About this task
This task calls for the lines below starting at the one containing "V-hals t-shirt met" and ending at the one containing "Dieser Sommerhut aus", repeated exactly with both ends kept and pictures left out.

Records for the task
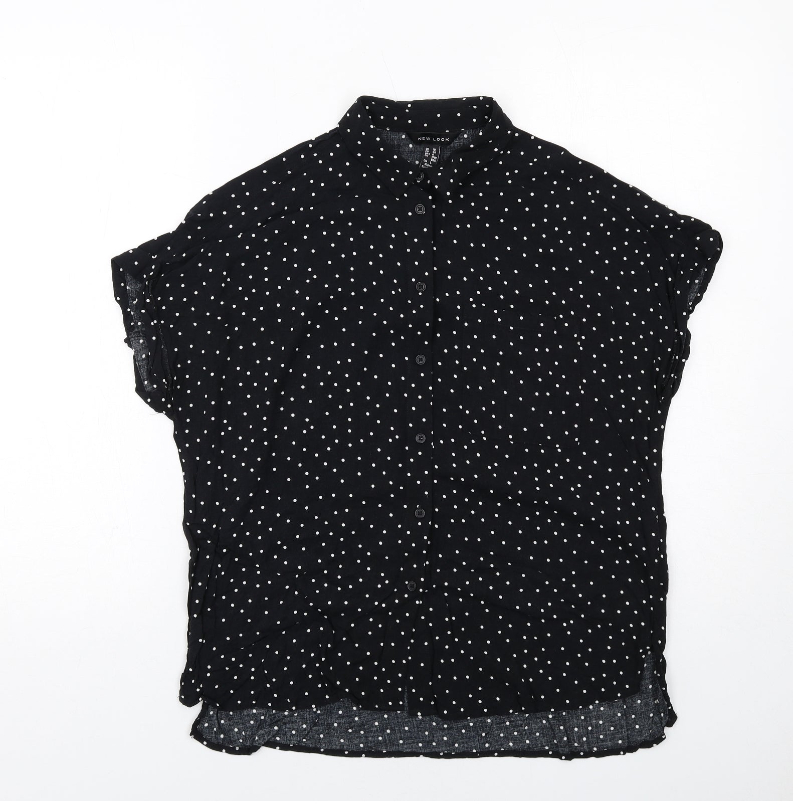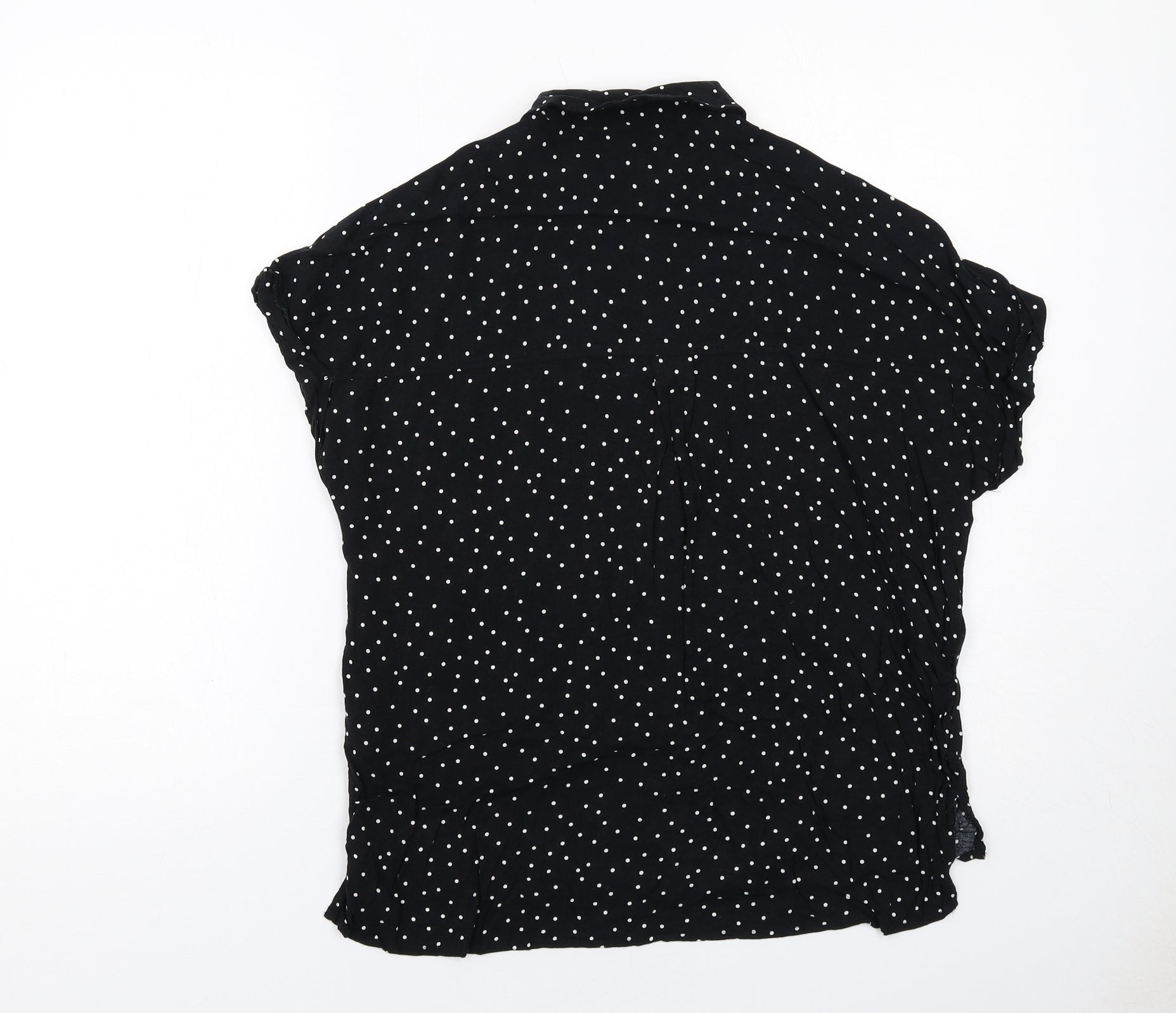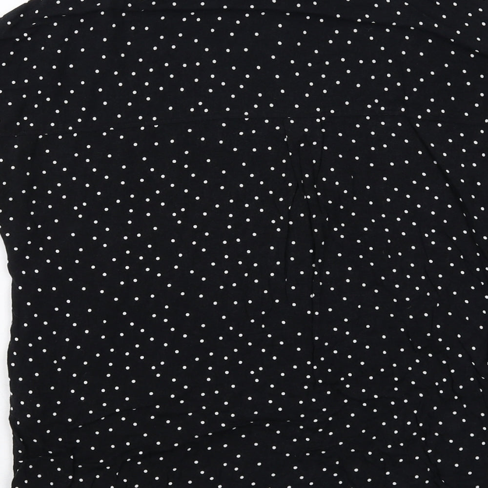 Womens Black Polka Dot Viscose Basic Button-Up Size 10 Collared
---
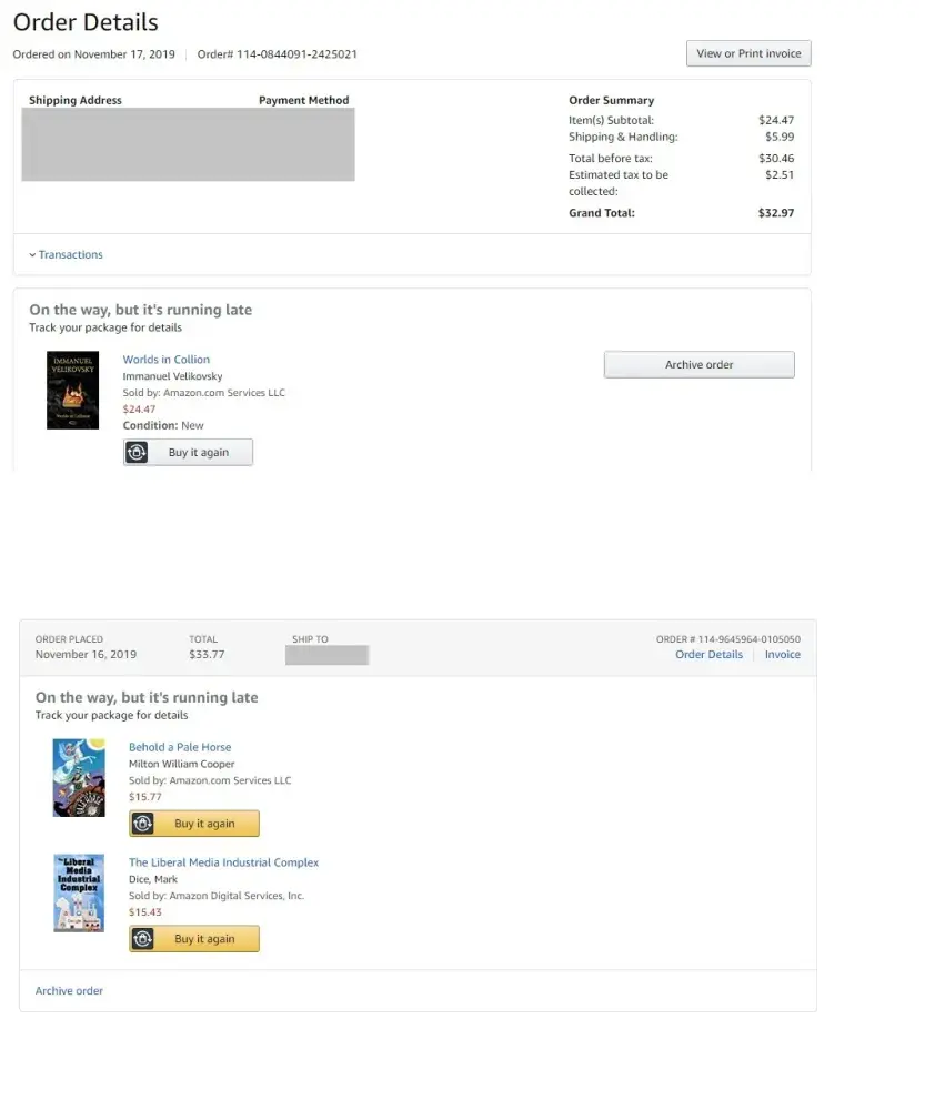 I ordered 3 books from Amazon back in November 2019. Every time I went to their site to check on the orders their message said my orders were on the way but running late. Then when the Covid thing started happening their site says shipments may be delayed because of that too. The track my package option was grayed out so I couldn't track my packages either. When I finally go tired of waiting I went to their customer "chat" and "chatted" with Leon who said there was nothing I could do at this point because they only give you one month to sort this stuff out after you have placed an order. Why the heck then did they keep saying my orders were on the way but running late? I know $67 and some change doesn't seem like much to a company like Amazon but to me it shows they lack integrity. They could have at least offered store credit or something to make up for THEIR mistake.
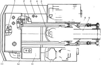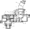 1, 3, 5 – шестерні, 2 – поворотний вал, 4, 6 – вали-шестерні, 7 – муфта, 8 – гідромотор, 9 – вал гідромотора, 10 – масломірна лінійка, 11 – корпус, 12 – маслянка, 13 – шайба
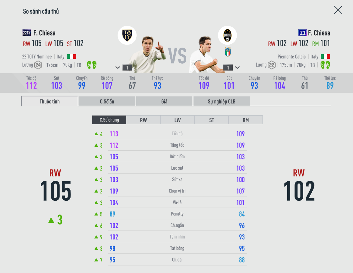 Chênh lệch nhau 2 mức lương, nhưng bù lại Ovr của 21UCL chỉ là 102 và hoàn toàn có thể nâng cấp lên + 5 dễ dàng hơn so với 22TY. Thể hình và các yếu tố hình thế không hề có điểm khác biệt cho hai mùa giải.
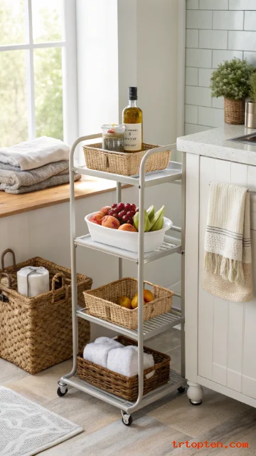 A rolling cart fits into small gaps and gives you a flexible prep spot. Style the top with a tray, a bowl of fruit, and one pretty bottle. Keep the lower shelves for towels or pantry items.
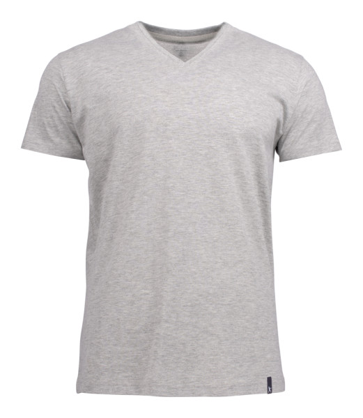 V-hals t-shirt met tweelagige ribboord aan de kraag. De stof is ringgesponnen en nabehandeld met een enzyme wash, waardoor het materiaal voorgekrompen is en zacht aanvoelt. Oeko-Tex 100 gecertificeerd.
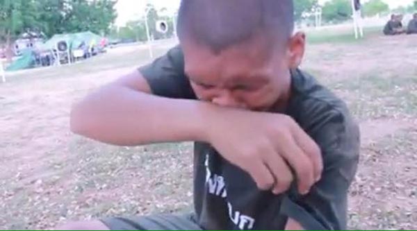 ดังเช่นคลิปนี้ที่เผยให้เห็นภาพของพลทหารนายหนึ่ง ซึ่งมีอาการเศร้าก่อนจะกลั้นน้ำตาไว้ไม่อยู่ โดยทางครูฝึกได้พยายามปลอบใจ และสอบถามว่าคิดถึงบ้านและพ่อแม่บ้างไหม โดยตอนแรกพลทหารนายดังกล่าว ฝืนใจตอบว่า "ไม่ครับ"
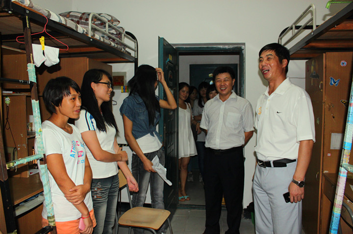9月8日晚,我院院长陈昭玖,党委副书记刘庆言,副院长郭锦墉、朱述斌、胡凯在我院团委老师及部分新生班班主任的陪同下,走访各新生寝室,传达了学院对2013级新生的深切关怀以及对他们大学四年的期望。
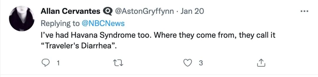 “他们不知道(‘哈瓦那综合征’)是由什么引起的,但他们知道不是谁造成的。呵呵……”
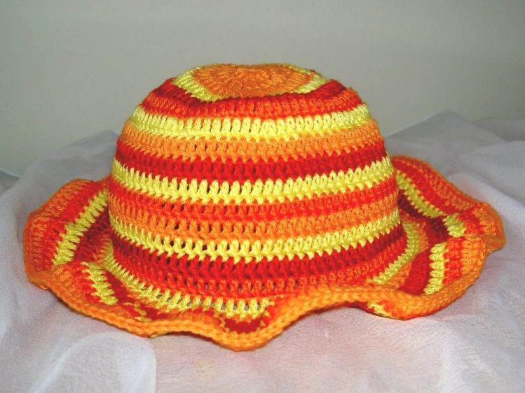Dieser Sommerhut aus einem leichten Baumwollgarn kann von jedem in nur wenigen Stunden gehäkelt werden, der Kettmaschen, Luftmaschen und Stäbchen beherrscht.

Result for this exercise
 V-hals t-shirt met tweelagige ribboord aan de kraag. De stof is ringgesponnen en nabehandeld met een enzyme wash, waardoor het materiaal voorgekrompen is en zacht aanvoelt. Oeko-Tex 100 gecertificeerd.
 ดังเช่นคลิปนี้ที่เผยให้เห็นภาพของพลทหารนายหนึ่ง ซึ่งมีอาการเศร้าก่อนจะกลั้นน้ำตาไว้ไม่อยู่ โดยทางครูฝึกได้พยายามปลอบใจ และสอบถามว่าคิดถึงบ้านและพ่อแม่บ้างไหม โดยตอนแรกพลทหารนายดังกล่าว ฝืนใจตอบว่า "ไม่ครับ"
9月8日晚,我院院长陈昭玖,党委副书记刘庆言,副院长郭锦墉、朱述斌、胡凯在我院团委老师及部分新生班班主任的陪同下,走访各新生寝室,传达了学院对2013级新生的深切关怀以及对他们大学四年的期望。
 “他们不知道(‘哈瓦那综合征’)是由什么引起的,但他们知道不是谁造成的。呵呵……”
Dieser Sommerhut aus einem leichten Baumwollgarn kann von jedem in nur wenigen Stunden gehäkelt werden, der Kettmaschen, Luftmaschen und Stäbchen beherrscht.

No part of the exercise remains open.